За высоким столом начинается обед – и начинается разговор. Собственно говоря, это и есть вершина рабочего дня и вершина коллегиального творчества. В принципе, если у тебя нет желания делать исследования, писать статьи и книги, ты можешь за толстыми стенами колледжа пролежать на диване в своем кабинете хоть всю жизнь. Но на обеде ты должен показать, кто ты есть, все должны это видеть, отметить, оценить и вспоминать назавтра и через много дней. Это и есть твоя работа: на благо науки, университета, общества, человечества. То же и за ланчем, но ланч происходит между одним делом и другим. А “high table” – самоцель. Так, во всяком случае, это происходит в колледже Олл Соулс, мы провели там год, год обедали и рассказываем, что видели.
Гаспачо (на 4-6 порций).
Интересный испанский суп для летнего обеда.
Раздавите дольку чеснока, смешав с половиной чайной ложки соли. Добавьте 2 столовые ложки оливкового масла, 5 разрезанных на куски помидоров, головку лука, мелко нарезанную, по четверти чайной ложки перца и паприки, полторы cтоловых ложки уксуса и полтора стакана кипяченой холодной воды. Дайте постоять час, а потом в течение очень короткого времени прокрутите в кухонном комбайне – так, чтобы не превратить гаспачо в суп-пюре. Помешивая, постепенно всыпайте тертые сухари – четверть стакана, лучше домашнего приготовления.
Разлейте по бульонным чашкам, положив в каждую кубик льда.
В отдельные сосуды положите мелко нарезанные свежие огурцы, зеленый сладкий перец, тоже измельченный, и маленькие сухарные кубики-croutons.
Вы перебрасыватесь репликами, какая-то твоя подталкивает другого к неожиданной мысли, чья-то подталкивает тебя. Мантии, свечи, заходна2я молитва на латыни переводят происходящее во время, общее для Интернета и Средневековья, курортного пансиона и келейной сырости. Размеренность речи, обмена мнениями ни подгоняет его, ни дает ему лениться. Старинные портреты на стенах начинают принимать участие в беседе.
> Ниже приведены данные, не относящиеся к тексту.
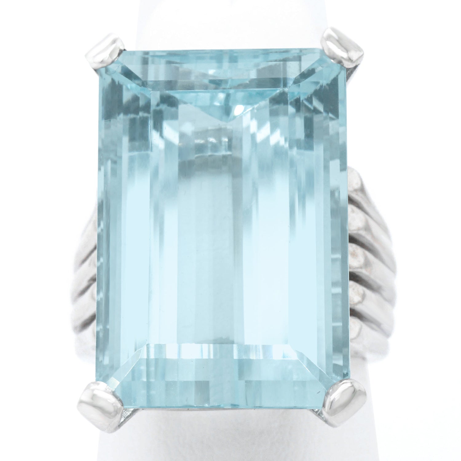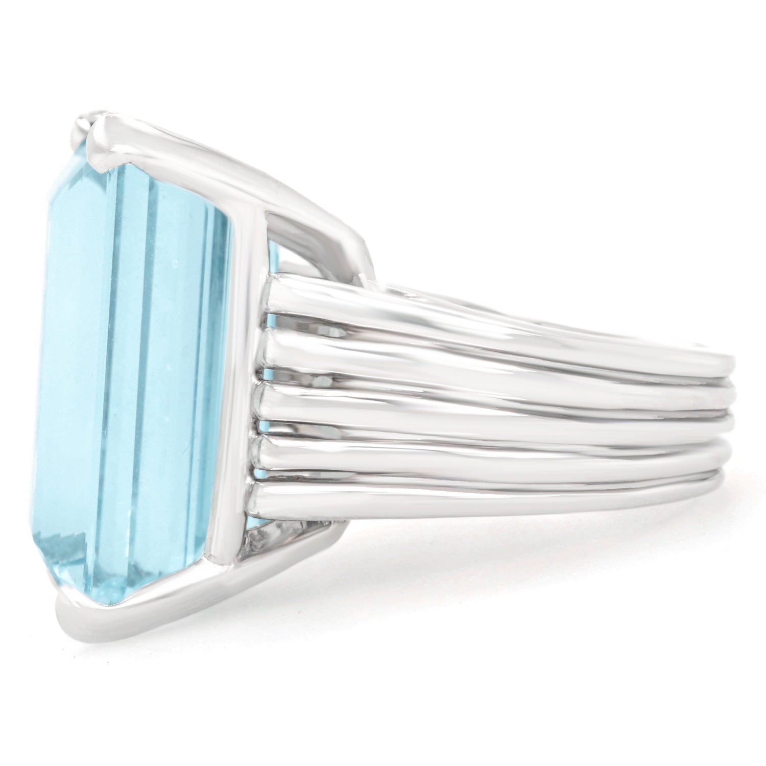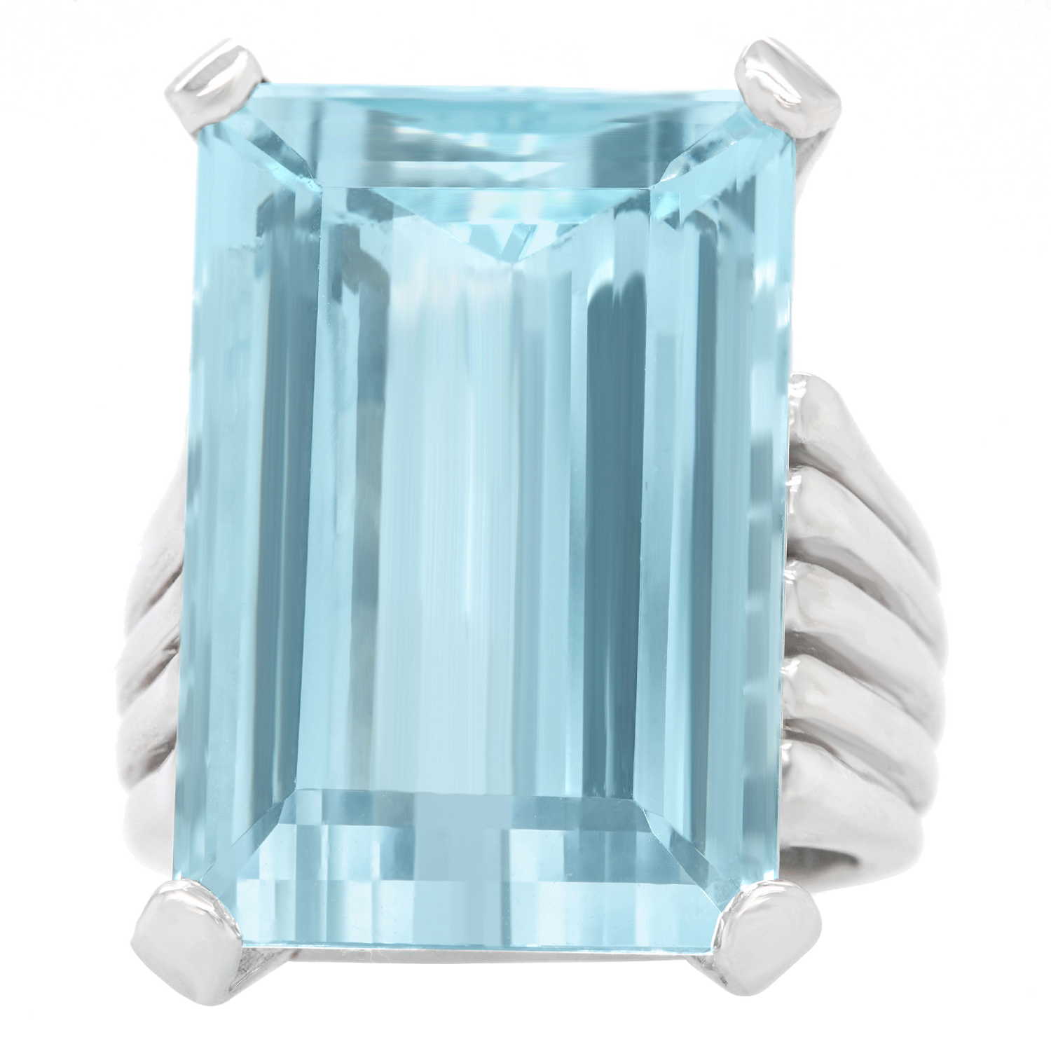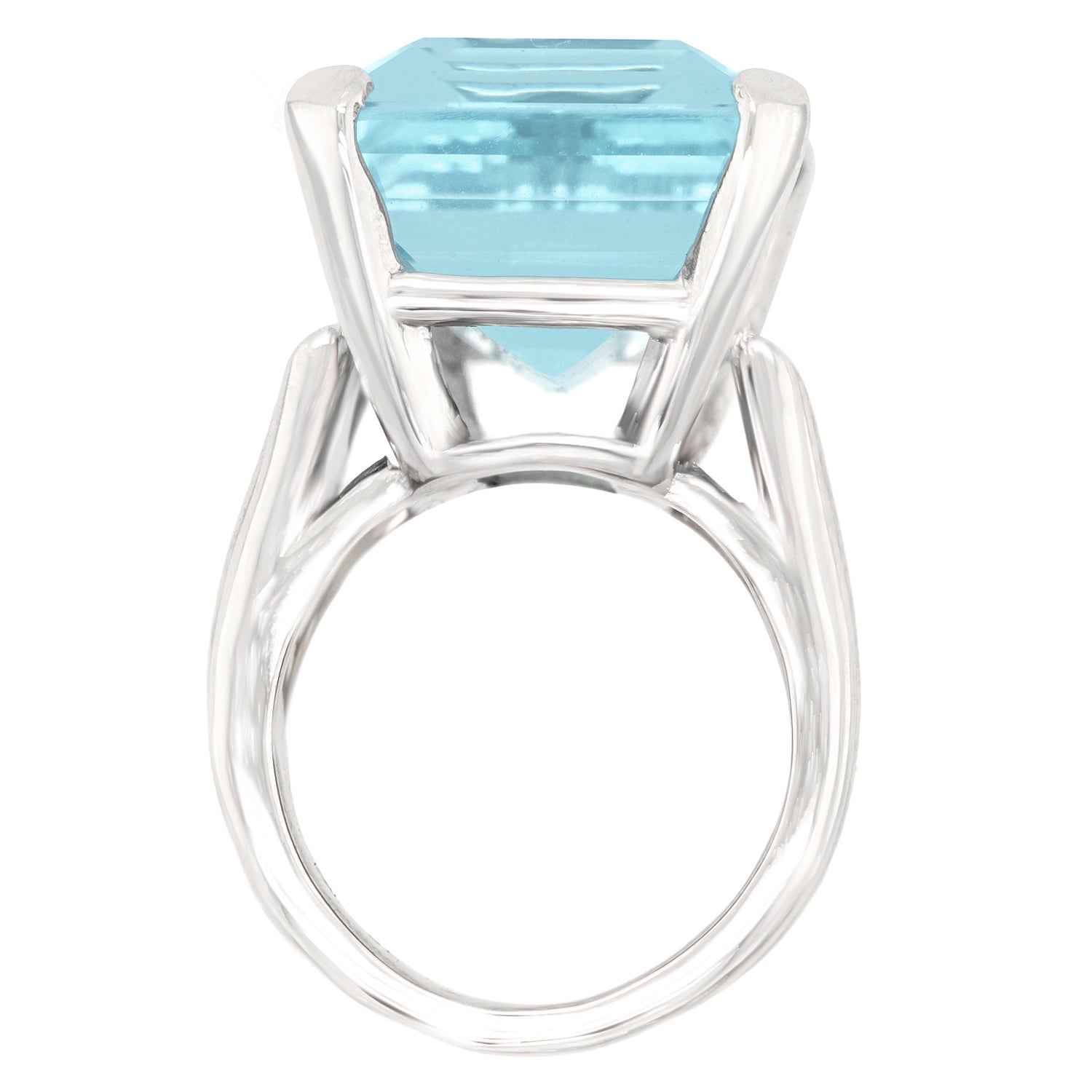 Circa 1950s, 18k, by Lawrence Jeffrey, American. Set with a luminous 30.0-carat Aquamarine, this ring brilliantly illustrates the stylish confluence of Art Deco and modernism. From cocktails poolside to gowns at the gala this ring has a proportion that adds a dynamic appearance to any moment of fashion. Meticulously made, it is in excellent condition.
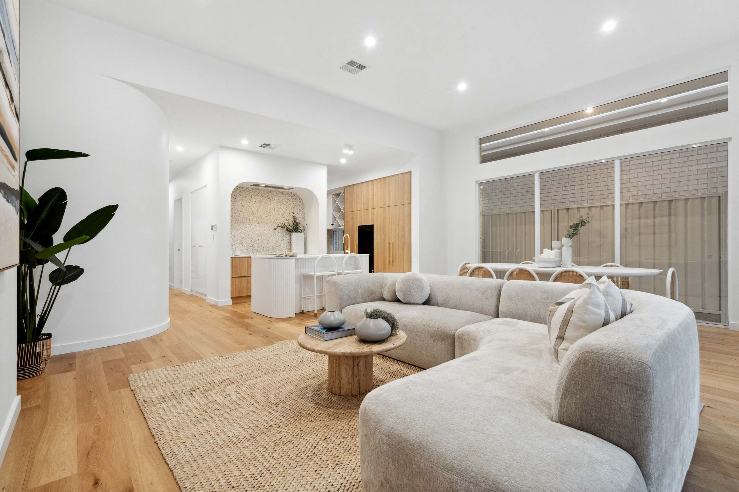 Considered curves, honest materials and seamless indoor–outdoor living make this MyHomeBuild Glengowrie residence a refined example of coastal house design plans in Adelaide, where Art Deco character meets contemporary comfort.
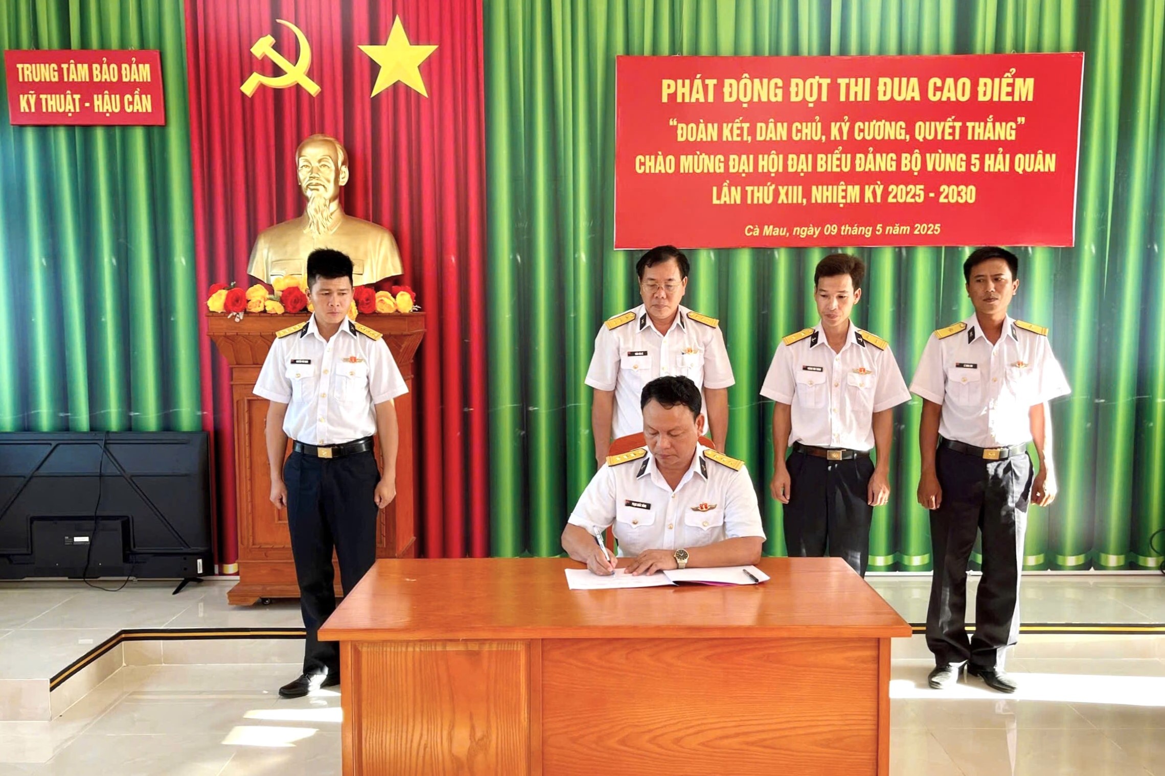 Sáng 9/5, tại huyện Năm Căn, tỉnh Cà Mau, Trung tâm Bảo đảm kỹ thuật - hậu cần, Bộ Tư lệnh Vùng 5 Hải quân, tổ chức phát động đợt thi đua cao điểm với chủ đề “Đoàn kết, dân chủ, kỷ cương, quyết thắng” chào mừng Đại hội đại biểu Đảng bộ Vùng 5 Hải quân lần thứ XIII, nhiệm kỳ 2025 - 2030. Thượng tá Phạm Khắc Đông, Bí thư Đảng ủy, Chính ủy Trung tâm chủ trì.

Ньютон какой-нибудь, какой-нибудь Чосер. Атмосфера за столом уважительная, но вовсе не всегда благостная, по большей части ясная, но не то чтобы согласная. Не запрещается сморозить нелепость, не запрещается ее высмеять. Разговор может перейти на личности, но ни в коем случае не впрямую. “Как это, – обращается на безукоризненном английском приглашенный феллоу, швейцарец-античник, возмущенный только что высказанной местным философом концепцией, к соседу-историку из Испании, – как это в стране с такой вялой сенсибилизированностью мог появиться Шекспир?” Ответа не требуется. Отвечает философ, он обращается к математику, такому же как он подданному Ее Величества: “Не правда ли, странно, что иностранцы так неспособны к нашему языку?” Слуги в чем-то фрачном черном и белых манишках, демонстрируя беспристрастность скользящими улыбками и безмолвием, разыгрывают сцену все-таки из Шекспира – не сообразить только, из какой пьесы.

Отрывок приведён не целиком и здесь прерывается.